Book Report: "Vito Marcantonio: Radical Politician" by Gerald Meyer


Emerson said an institution is the shadow of a single man, a lesson Gerald Meyer learned during research on the history of the American Labor Party (ALP).

In his "Acknowledgements" to the book under consideration here, Meyer confesses, "In the process of accomplishing this formidable task, I fell in love with Vito Marcantonio. The ALP was an important institution, but Marcantonio loomed over it."

"Vito Marcantonio: Radical Politician, 1902-1954"represents the skillful and thorough response to a series of questions posed by Herbert Gutman, the sponsor of Meyer's proposed doctoral dissertation: "Who voted for him? Why did they vote for him? What was East Harlem like? What did people do for a living? Who owned the stores?"

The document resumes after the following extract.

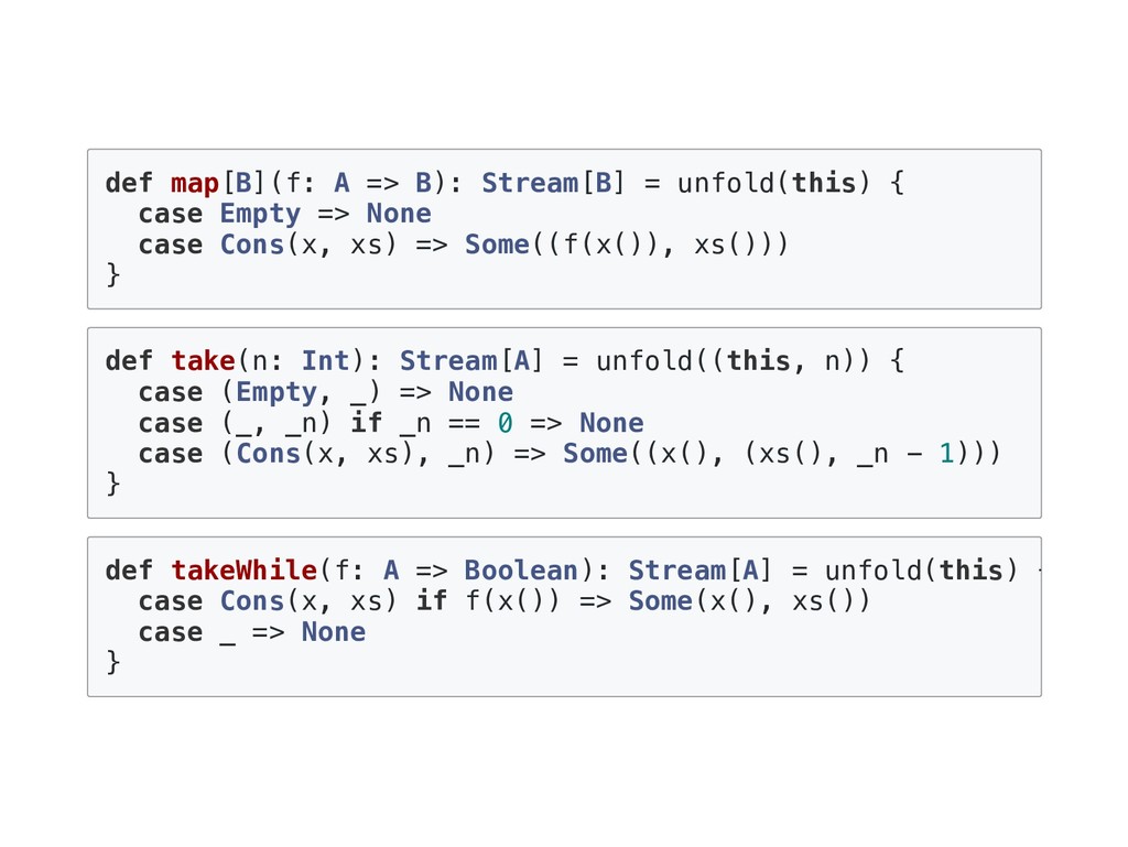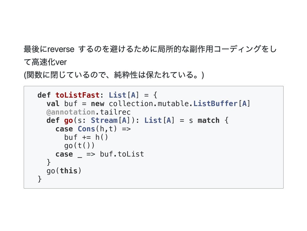{ val buf = new collection.mutable.ListBuffer[A] @annotation.tailrec def go(s: Stream[A]): List[A] = s match { case Cons(h,t) => buf += h() go(t()) case _ => buf.toList } go(this) }

Meyer's work succeeded two earlier efforts, "Vito Marcantonio: Radical in Congress," by Alan Schaffer and "Vito Marcantonio, The People's Politician," by Salvatore John LaGumina.

Schaffer's effort placed Marcantonio in the national firmament of the times, 1902 to 1952, and LaGumina added some anecdotal history and a slightly different angle than that of his predecessor.

But it is Meyer's book that places Marcantonio in the New York of his day and, specifically, the East Harlem neighborhood that produced him.

Here is Marcantonio diving off a truck into the street mob during a speech, arms flailing. There the Congressman confessing unconditional trust in his grandmother who attends rallies with an umbrella under her coat in the event of fisticuffs.

And here is the "retail" congressman delivering coal and Christmas baskets to troubled neighbors, a guy who empties his pockets to the hard luck cases that pock his district.

Meyer's work goes where the other two did not in regards to the Marcantonio Papers archived at the New York Public Library on 42 St. and Fifth Avenue.

In these 85 boxes can be found dusty, flaky records of "Marc's" public life and work, but more importantly, the voices of his constituency, which Meyer has culled for insightful passages from letters both handwritten and typed.

Yes, Meyer meticulously details the complicated nature of New York City's "fusion" politics and the skill with which Marcantonio navigated them to unique projection as a national leader of far left-wing forces.

But the author also renders the radical politician's story an organic whole.

Rather than the narrative of some anomalous oddity out of time, we have in this book a man fleshed out and brought to life by the environment that produced him and to which he gave so much form, through his leadership.

In his conclusion, Meyer laments Marcantonio's slow fade into anonymity and argues that, "his story deserves to be known, because it contradicts so many of the platitudes which pass for American history and therefore suggests new ways of thinking about the present."

"Radical Politician" takes the first, bold steps in this effort, loyally transcribing the voices of desperate constituents seeking assistance of every kind and often beyond the natural purview of the congressional representative.

Meyer began his project just in time to provide his work with an important layer of oral history extracted from residents of East Harlem, now mostly departed.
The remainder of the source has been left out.